_EXERCISE REQUIREMENTS_. In your copy of the listing below, reproduce each word exactly and include no pictures.

_DATA_.

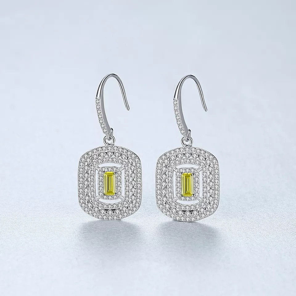 Cercei ARGINT Yellow Crystal Patrat Arg398A
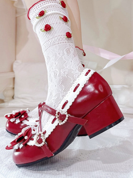 Beaded Mary Pink Delicate - Heart Sweet for Fastener Lolita Edging Janes Lace Low-heel
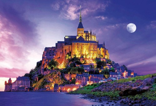 人気の観光地パリの名所をジグソーパズルで楽しもう! 海に浮かぶ修道院が暮れ行く空に映える
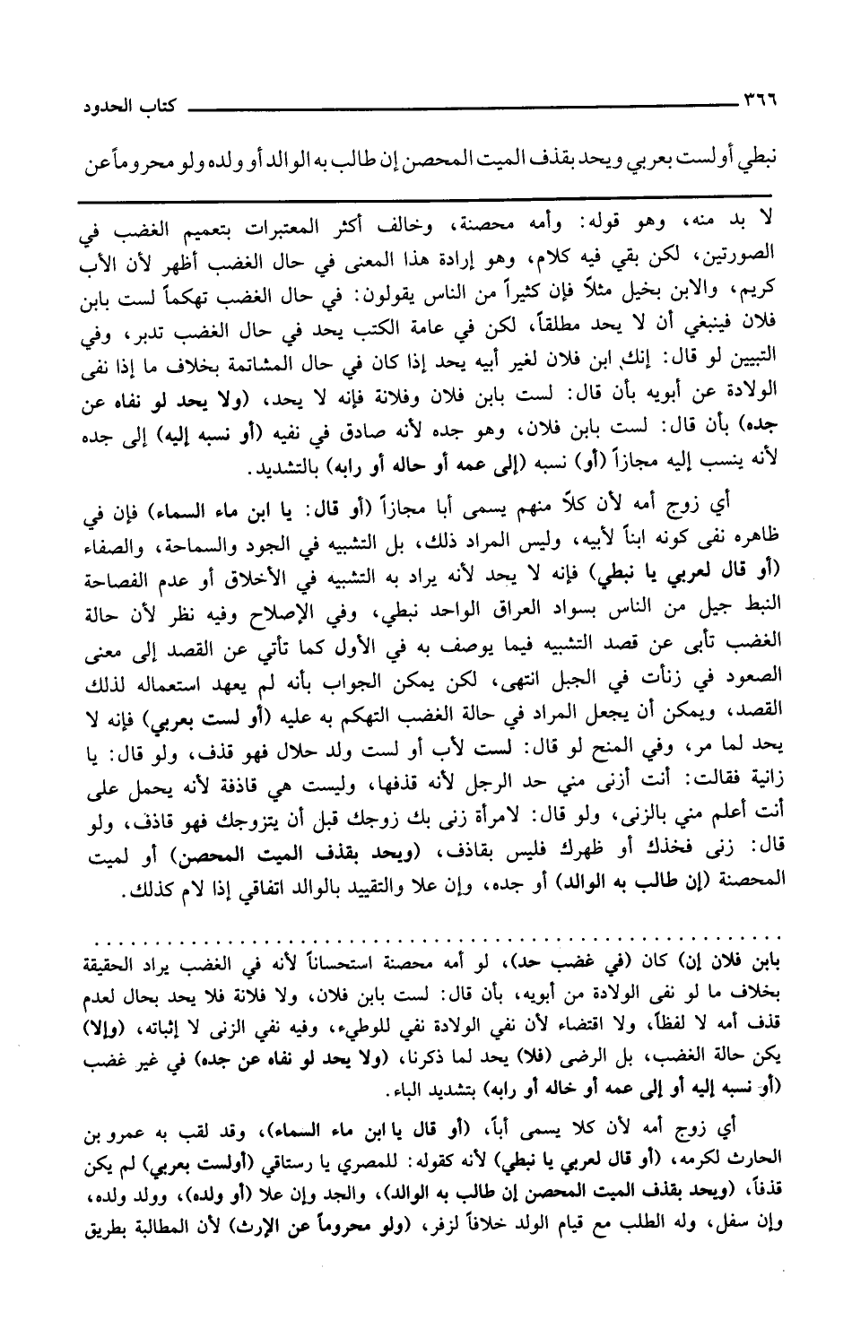 ولا يحد لو نفاه عن جده بأن قال لست بابن فلان وهو جده لأنه صادق في نفيه أو نسبه إليه إلى جده لأنه ينسب إليه مجازا أو نسبه إلى عمه أو خاله أو رابه بالتشديد أي زوج أمه لأن كلا منهم يسمى أبا مجازا أو قال يا ابن ماء السماء فإن في ظاهره نفي كونه ابنا لأبيه وليس المراد ذلك بل التشبيه في الجود والسماحة والصفاء أو قال لعربي يا نبطي فإنه لا يحد لأنه يراد به التشبيه في الأخلاق أو عدم الفصاحة النبط جيل من الناس بسواد العراق الواحد نبطي

_RESULT OF THE TASK_.
 Cercei ARGINT Yellow Crystal Patrat Arg398A
 Beaded Mary Pink Delicate - Heart Sweet for Fastener Lolita Edging Janes Lace Low-heel
 人気の観光地パリの名所をジグソーパズルで楽しもう! 海に浮かぶ修道院が暮れ行く空に映える
 ولا يحد لو نفاه عن جده بأن قال لست بابن فلان وهو جده لأنه صادق في نفيه أو نسبه إليه إلى جده لأنه ينسب إليه مجازا أو نسبه إلى عمه أو خاله أو رابه بالتشديد أي زوج أمه لأن كلا منهم يسمى أبا مجازا أو قال يا ابن ماء السماء فإن في ظاهره نفي كونه ابنا لأبيه وليس المراد ذلك بل التشبيه في الجود والسماحة والصفاء أو قال لعربي يا نبطي فإنه لا يحد لأنه يراد به التشبيه في الأخلاق أو عدم الفصاحة النبط جيل من الناس بسواد العراق الواحد نبطي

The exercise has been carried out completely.